• ASSIGNMENT: Go through the listing below and retype exactly the lines starting at the one with "Praktyczny zestaw kluczy" and ending at the one with "Firma ProEfekt, ekspert", skipping pictures.

--------------------------------

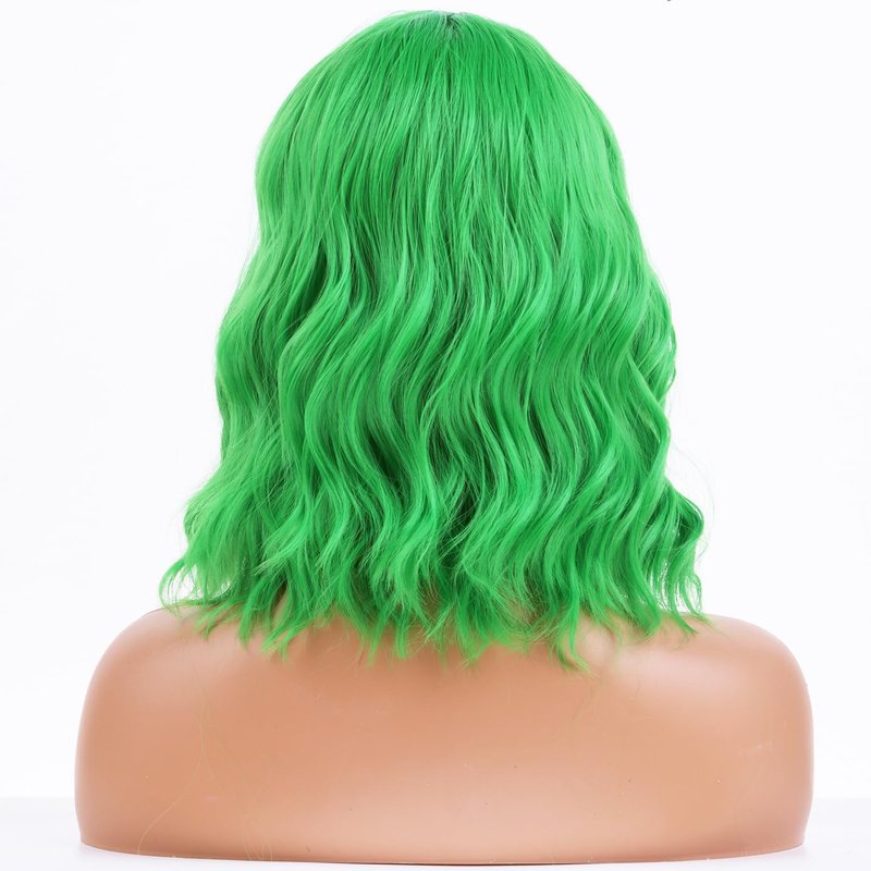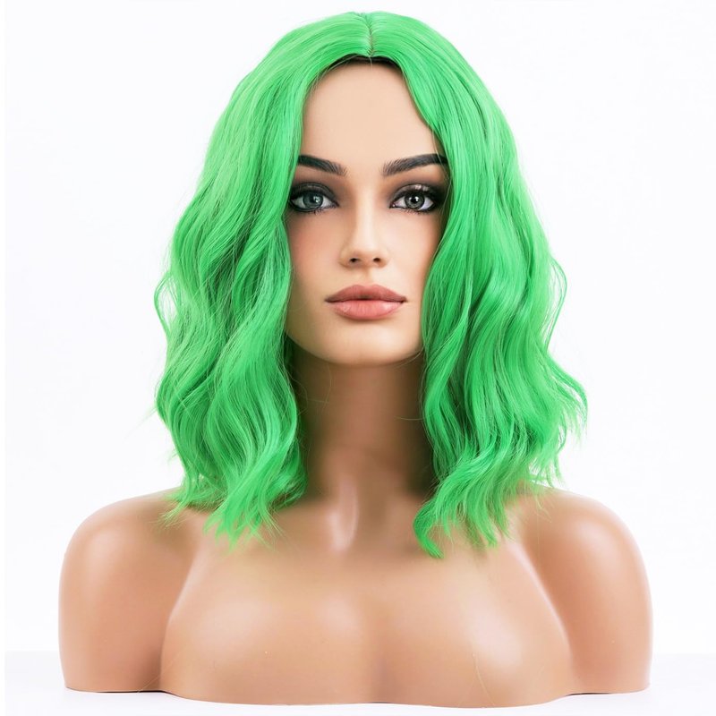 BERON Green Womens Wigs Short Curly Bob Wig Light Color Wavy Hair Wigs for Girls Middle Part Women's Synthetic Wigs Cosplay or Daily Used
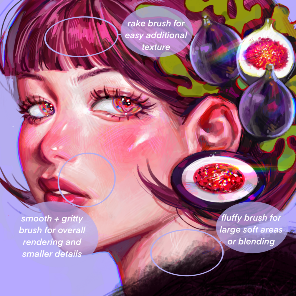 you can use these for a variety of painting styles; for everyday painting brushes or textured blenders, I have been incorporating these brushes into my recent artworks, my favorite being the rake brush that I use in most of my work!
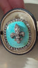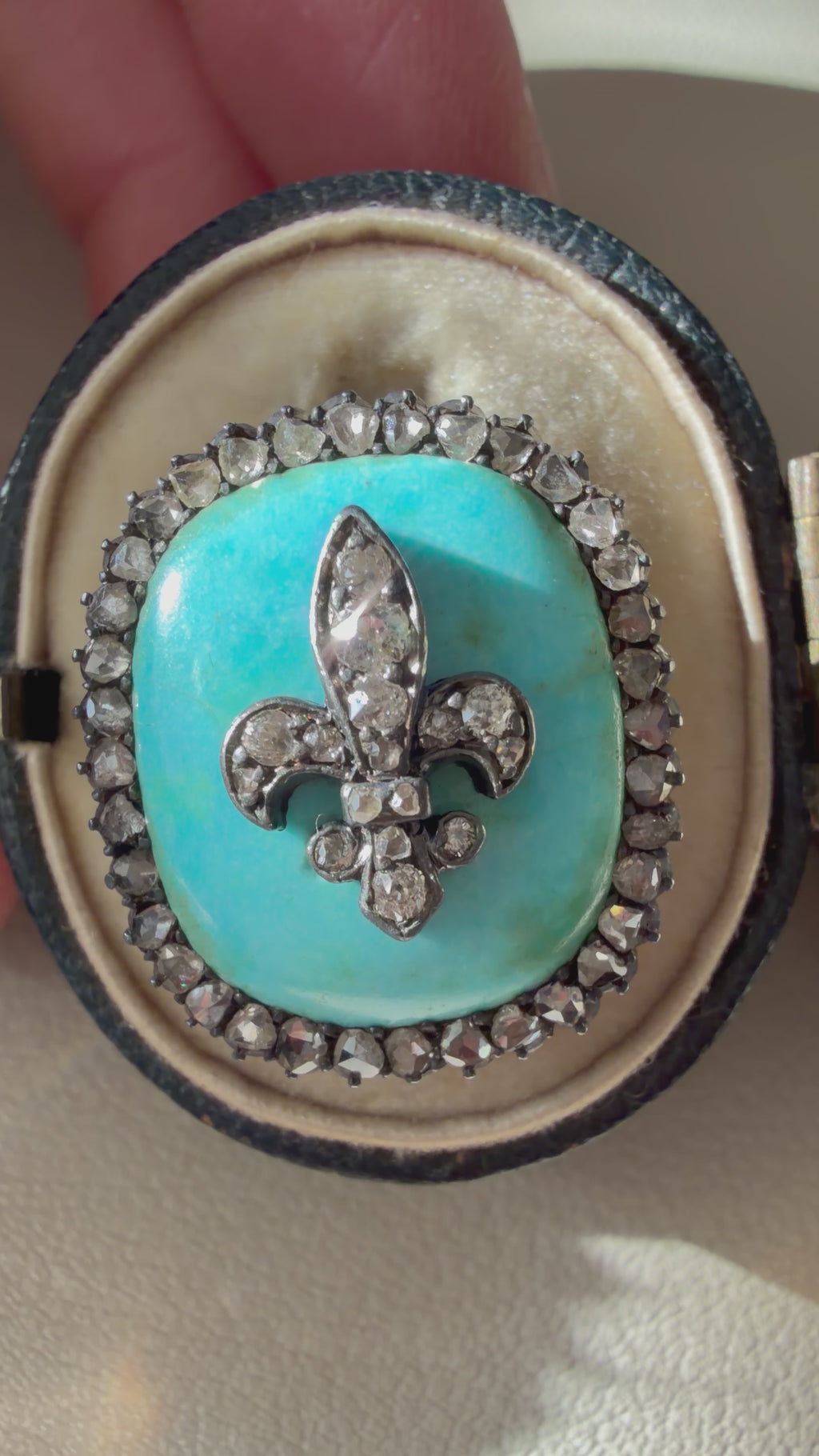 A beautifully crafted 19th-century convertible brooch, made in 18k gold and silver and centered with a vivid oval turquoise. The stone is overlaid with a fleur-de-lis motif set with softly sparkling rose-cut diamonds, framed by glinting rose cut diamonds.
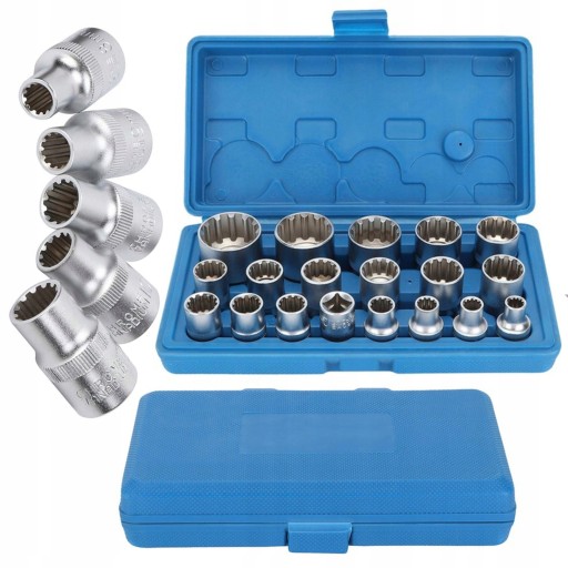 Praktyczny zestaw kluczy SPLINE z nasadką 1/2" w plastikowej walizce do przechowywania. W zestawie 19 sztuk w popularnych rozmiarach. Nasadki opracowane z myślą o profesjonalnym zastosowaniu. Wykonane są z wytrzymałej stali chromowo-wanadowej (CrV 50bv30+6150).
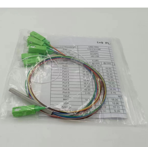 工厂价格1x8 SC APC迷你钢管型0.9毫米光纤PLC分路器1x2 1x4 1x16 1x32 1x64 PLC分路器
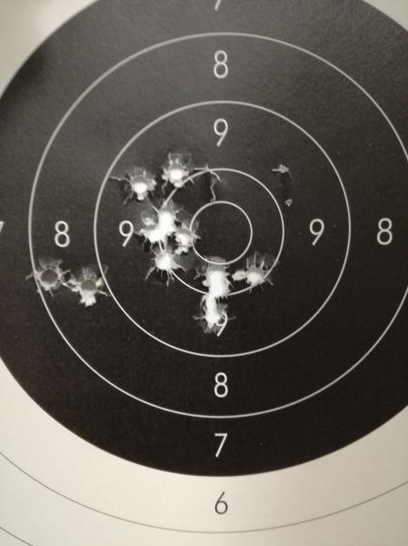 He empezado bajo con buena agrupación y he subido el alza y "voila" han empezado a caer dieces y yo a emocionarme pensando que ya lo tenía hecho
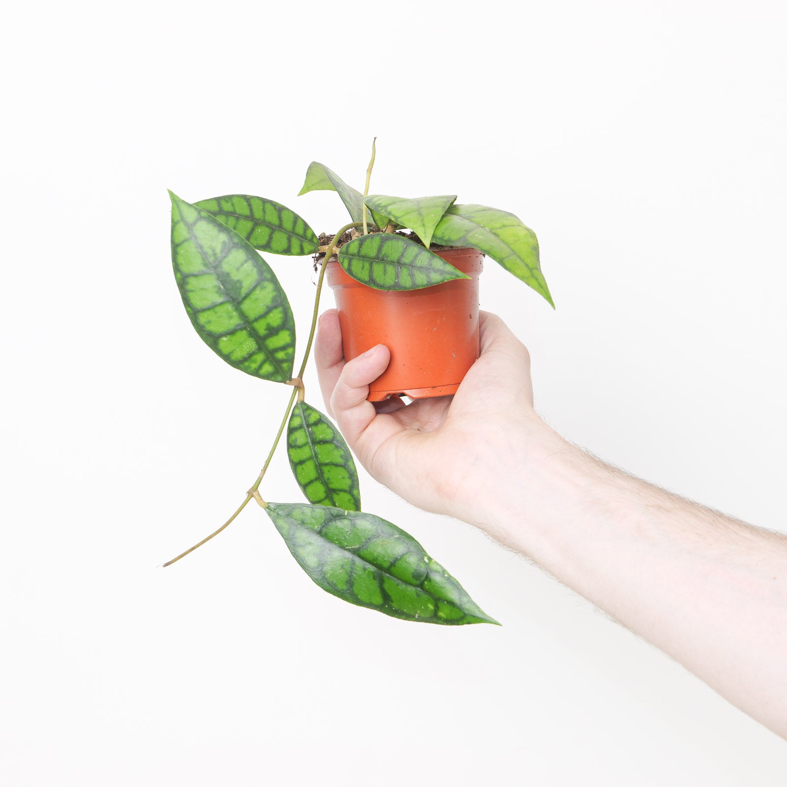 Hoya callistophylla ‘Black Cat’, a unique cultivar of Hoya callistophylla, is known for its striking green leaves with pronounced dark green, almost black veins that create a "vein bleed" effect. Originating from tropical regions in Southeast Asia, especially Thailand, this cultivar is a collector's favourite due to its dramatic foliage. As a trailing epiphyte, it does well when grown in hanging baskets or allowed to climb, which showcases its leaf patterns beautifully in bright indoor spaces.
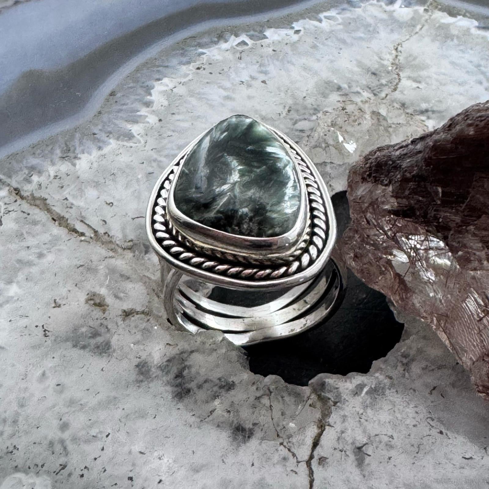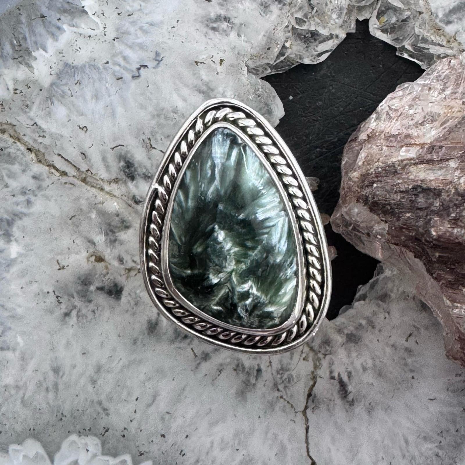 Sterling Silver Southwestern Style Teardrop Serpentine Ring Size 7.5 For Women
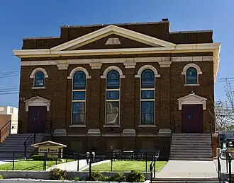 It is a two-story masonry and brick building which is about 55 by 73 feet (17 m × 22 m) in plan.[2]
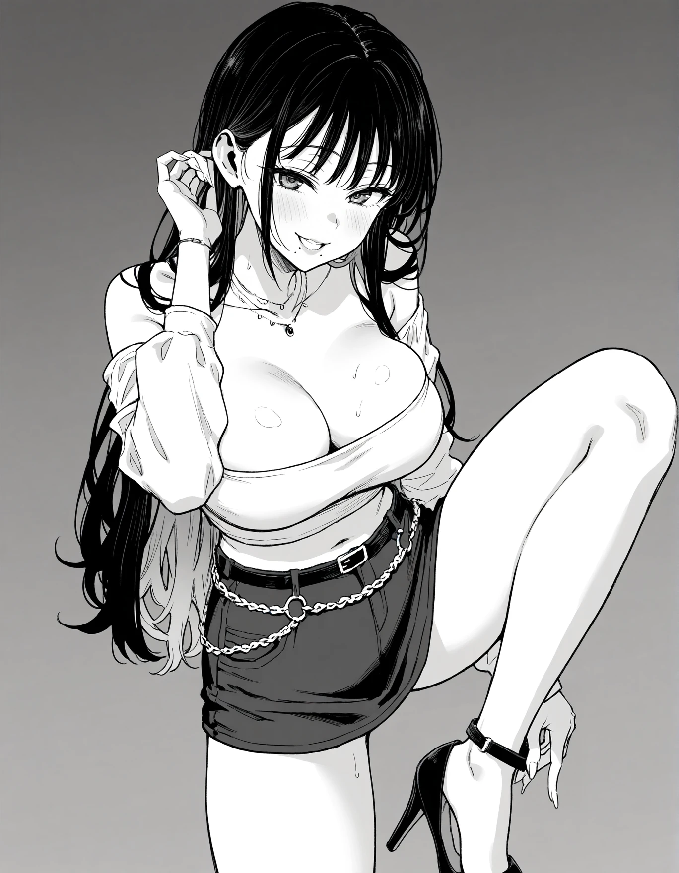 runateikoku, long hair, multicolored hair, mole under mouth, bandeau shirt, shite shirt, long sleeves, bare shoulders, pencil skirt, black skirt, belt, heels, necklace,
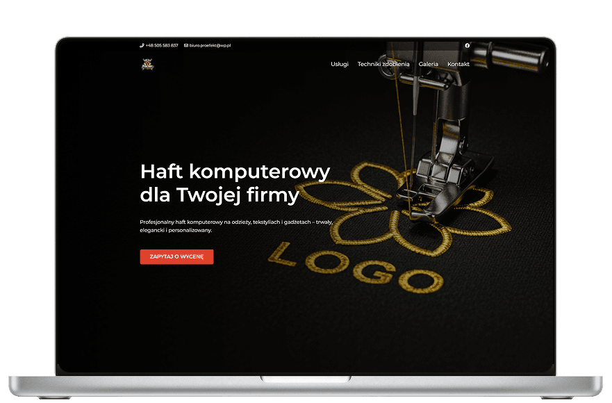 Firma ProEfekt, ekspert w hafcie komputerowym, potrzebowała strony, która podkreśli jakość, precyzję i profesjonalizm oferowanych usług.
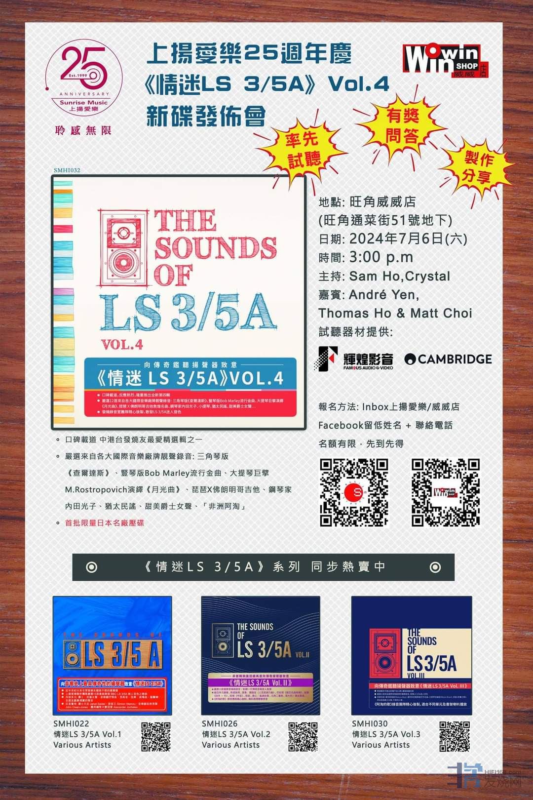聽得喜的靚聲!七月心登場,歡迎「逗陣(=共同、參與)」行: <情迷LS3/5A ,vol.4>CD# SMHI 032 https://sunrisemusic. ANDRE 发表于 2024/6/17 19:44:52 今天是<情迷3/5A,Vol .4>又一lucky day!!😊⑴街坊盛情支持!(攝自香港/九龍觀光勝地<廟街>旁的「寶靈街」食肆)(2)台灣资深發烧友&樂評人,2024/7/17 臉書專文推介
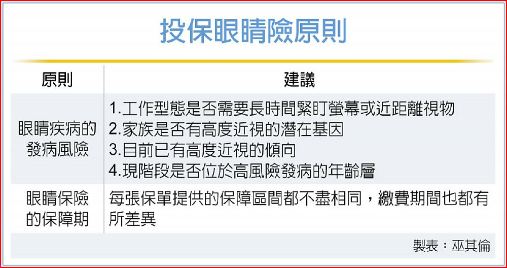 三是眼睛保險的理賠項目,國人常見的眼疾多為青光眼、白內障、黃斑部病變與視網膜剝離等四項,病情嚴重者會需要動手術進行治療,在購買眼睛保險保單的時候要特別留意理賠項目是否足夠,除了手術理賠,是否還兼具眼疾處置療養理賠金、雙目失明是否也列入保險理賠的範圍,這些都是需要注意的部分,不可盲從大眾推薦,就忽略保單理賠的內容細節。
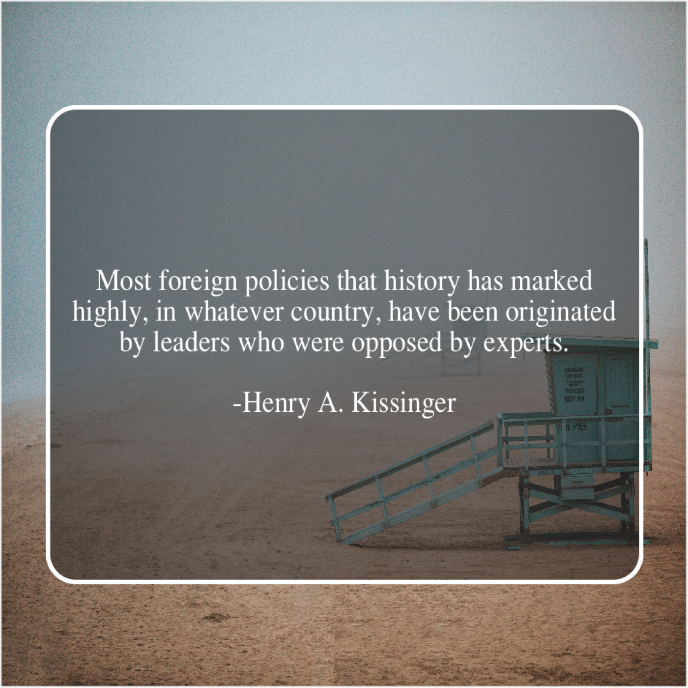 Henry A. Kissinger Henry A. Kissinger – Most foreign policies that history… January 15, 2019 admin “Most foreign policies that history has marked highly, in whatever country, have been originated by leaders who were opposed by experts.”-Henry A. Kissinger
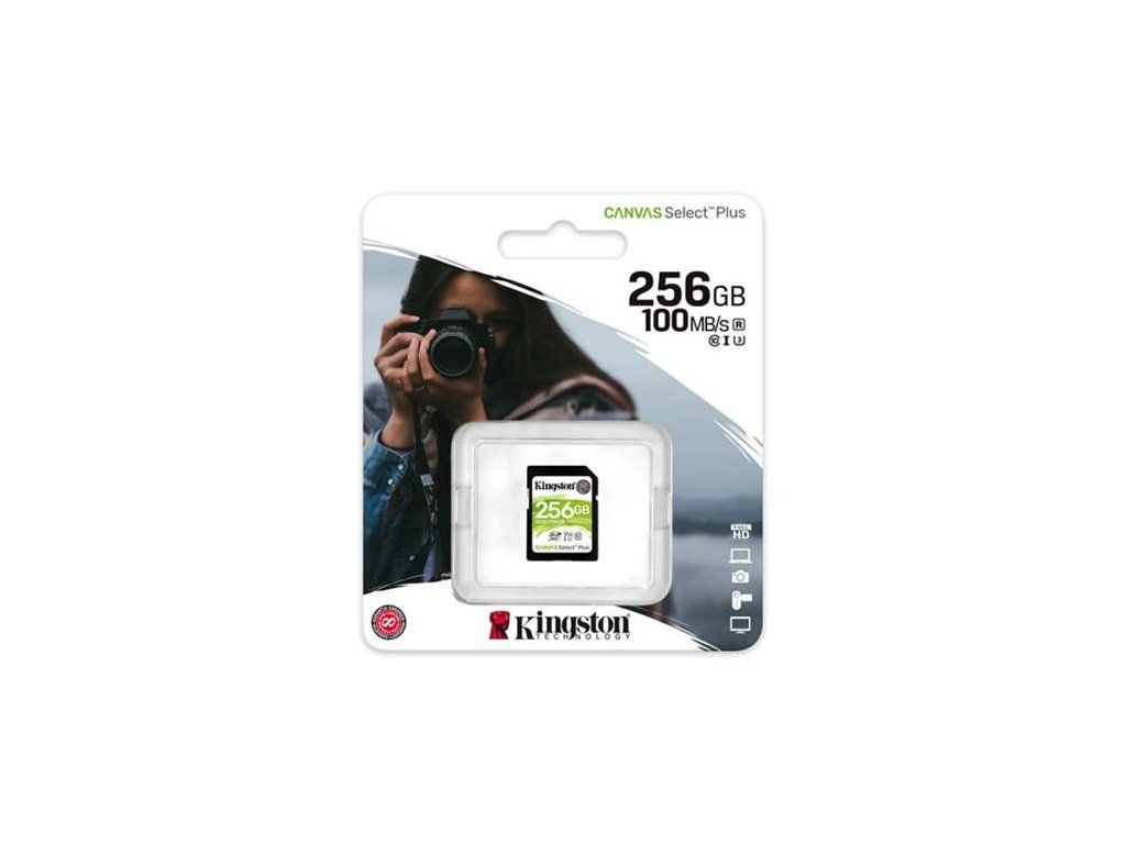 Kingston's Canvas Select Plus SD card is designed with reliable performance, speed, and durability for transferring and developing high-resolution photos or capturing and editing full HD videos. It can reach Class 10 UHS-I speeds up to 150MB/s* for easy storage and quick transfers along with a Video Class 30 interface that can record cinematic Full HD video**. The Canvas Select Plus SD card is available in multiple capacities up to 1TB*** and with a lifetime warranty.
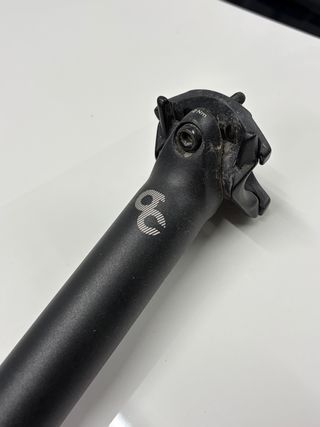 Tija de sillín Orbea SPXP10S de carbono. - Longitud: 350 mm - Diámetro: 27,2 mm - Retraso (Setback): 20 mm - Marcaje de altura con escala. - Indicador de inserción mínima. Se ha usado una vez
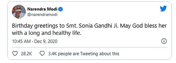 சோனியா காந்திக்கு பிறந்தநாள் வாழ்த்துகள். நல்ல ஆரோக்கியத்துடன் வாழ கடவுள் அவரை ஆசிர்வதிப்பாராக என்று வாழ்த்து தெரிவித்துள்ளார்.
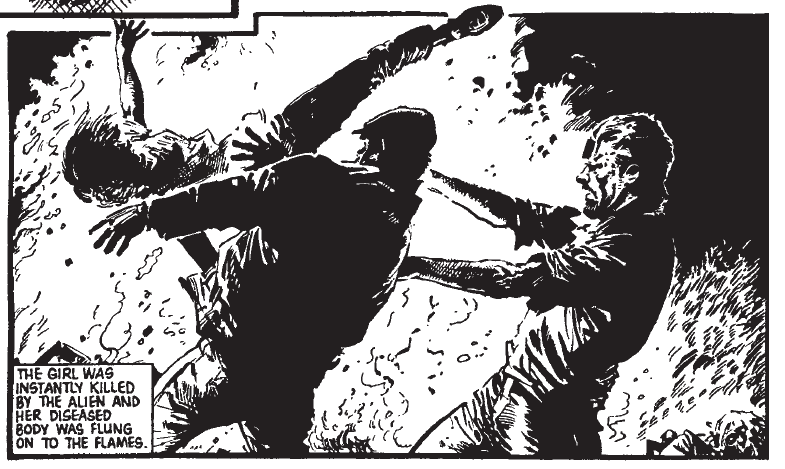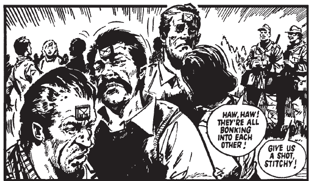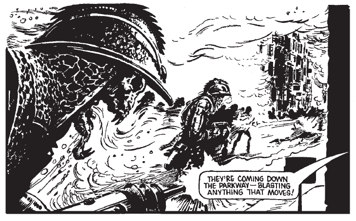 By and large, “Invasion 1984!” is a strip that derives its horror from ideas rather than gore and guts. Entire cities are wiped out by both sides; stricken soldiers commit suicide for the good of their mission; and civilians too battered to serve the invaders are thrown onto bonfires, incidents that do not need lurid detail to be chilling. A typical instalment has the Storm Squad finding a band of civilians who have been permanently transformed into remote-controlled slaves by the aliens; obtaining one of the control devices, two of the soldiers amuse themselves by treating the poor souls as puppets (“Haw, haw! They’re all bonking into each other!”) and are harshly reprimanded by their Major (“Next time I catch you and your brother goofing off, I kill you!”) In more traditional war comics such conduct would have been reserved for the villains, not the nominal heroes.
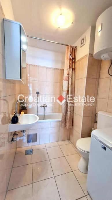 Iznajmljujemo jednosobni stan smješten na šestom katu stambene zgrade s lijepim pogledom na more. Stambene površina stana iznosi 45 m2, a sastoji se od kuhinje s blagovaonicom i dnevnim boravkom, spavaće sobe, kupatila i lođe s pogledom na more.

--------------------------------

• SOLUTION FOR THIS PROBLEM:
 Praktyczny zestaw kluczy SPLINE z nasadką 1/2" w plastikowej walizce do przechowywania. W zestawie 19 sztuk w popularnych rozmiarach. Nasadki opracowane z myślą o profesjonalnym zastosowaniu. Wykonane są z wytrzymałej stali chromowo-wanadowej (CrV 50bv30+6150).
 工厂价格1x8 SC APC迷你钢管型0.9毫米光纤PLC分路器1x2 1x4 1x16 1x32 1x64 PLC分路器
 He empezado bajo con buena agrupación y he subido el alza y "voila" han empezado a caer dieces y yo a emocionarme pensando que ya lo tenía hecho
 Hoya callistophylla ‘Black Cat’, a unique cultivar of Hoya callistophylla, is known for its striking green leaves with pronounced dark green, almost black veins that create a "vein bleed" effect. Originating from tropical regions in Southeast Asia, especially Thailand, this cultivar is a collector's favourite due to its dramatic foliage. As a trailing epiphyte, it does well when grown in hanging baskets or allowed to climb, which showcases its leaf patterns beautifully in bright indoor spaces.
 Sterling Silver Southwestern Style Teardrop Serpentine Ring Size 7.5 For Women
 It is a two-story masonry and brick building which is about 55 by 73 feet (17 m × 22 m) in plan.[2]
 runateikoku, long hair, multicolored hair, mole under mouth, bandeau shirt, shite shirt, long sleeves, bare shoulders, pencil skirt, black skirt, belt, heels, necklace,
 Firma ProEfekt, ekspert w hafcie komputerowym, potrzebowała strony, która podkreśli jakość, precyzję i profesjonalizm oferowanych usług.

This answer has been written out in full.